=== WHAT TO WORK ON ===
Keeping pictures out, repeat the lines of the listing below exactly, starting at its first line and finishing with the one that holds "На ћирилици написано".

=== SOURCE MATERIAL ===
*-*-*

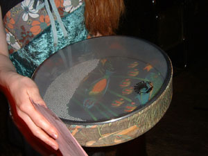 "るーとうえきどん"のライブ(2005/04/13)でるーさんが実際に使われていた楽器。楽器名に関してはネットで調べてからるーさんに確認を取りました。"オーシャンドラム(Ocean Drum)"という名前で通っているらしいのですががそれは商品名だそうです。両手で持ってゆるやかに操作すると中に入っている粒々が移動し、海の波の音が作り出されます。日本では小豆を入れた大きなザルを両手で操ることで波の音を演出しますね。
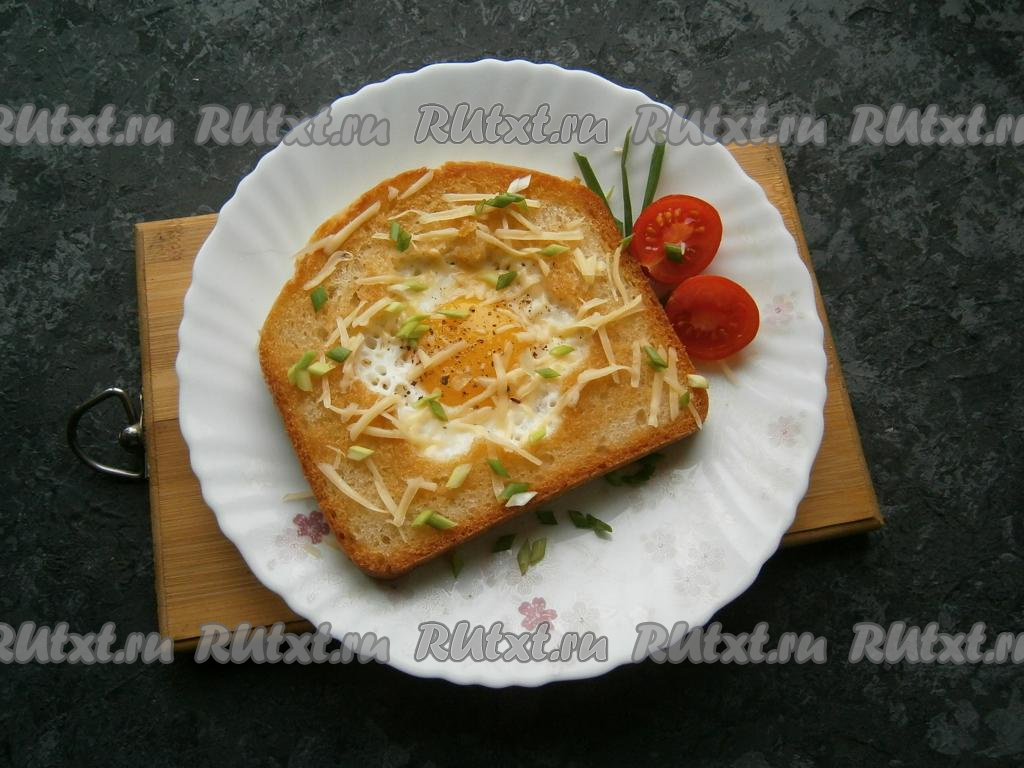 Яичницу, приготовленную в хлебе, переложить со сковороды на тарелку, посолить и поперчить, посыпать натертым сыром и измельченным зеленым лучком.
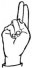 На ћирилици написано ЈАБУКА ПЕРЧЕВИЋ састоји се из 14 слова [?]. Исписано ћириличном једноручном азбуком за глувонеме:
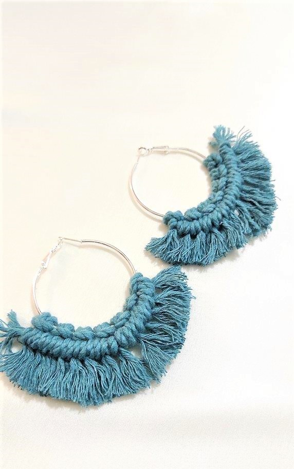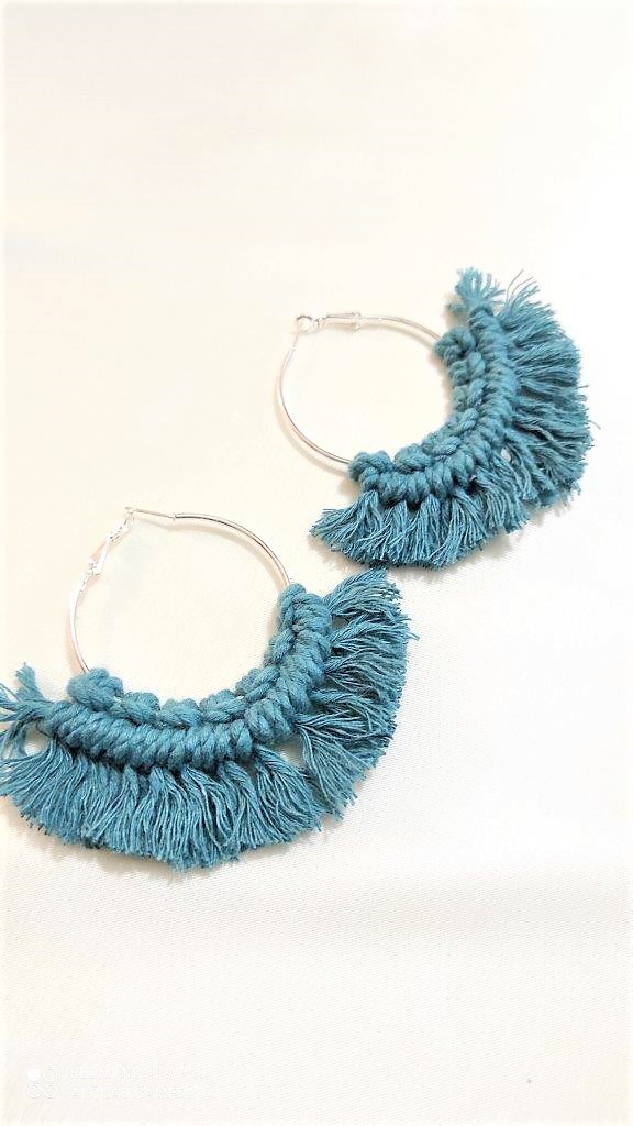 Μοναδικά χειροποίητα μοντέρνα macrame σκουλαρίκια πλεγμένα με 100% ανακυκλωμένο  βαμβακερό κορδόνι σε χρώμα πετρόλ ,πάνω σε ορειχάλκινο κρίκο. Ιδανική επιλογή για όσους λατρεύουν το boho style.Συνοδεύεται από προσεγμένο χάρτινο κραφτ κουτί συσκευασίας φιλικό προς το περιβάλλον.

*-*-*

=== SOLUTION TO THIS TASK ===
 "るーとうえきどん"のライブ(2005/04/13)でるーさんが実際に使われていた楽器。楽器名に関してはネットで調べてからるーさんに確認を取りました。"オーシャンドラム(Ocean Drum)"という名前で通っているらしいのですががそれは商品名だそうです。両手で持ってゆるやかに操作すると中に入っている粒々が移動し、海の波の音が作り出されます。日本では小豆を入れた大きなザルを両手で操ることで波の音を演出しますね。
 Яичницу, приготовленную в хлебе, переложить со сковороды на тарелку, посолить и поперчить, посыпать натертым сыром и измельченным зеленым лучком.
 На ћирилици написано ЈАБУКА ПЕРЧЕВИЋ састоји се из 14 слова [?]. Исписано ћириличном једноручном азбуком за глувонеме:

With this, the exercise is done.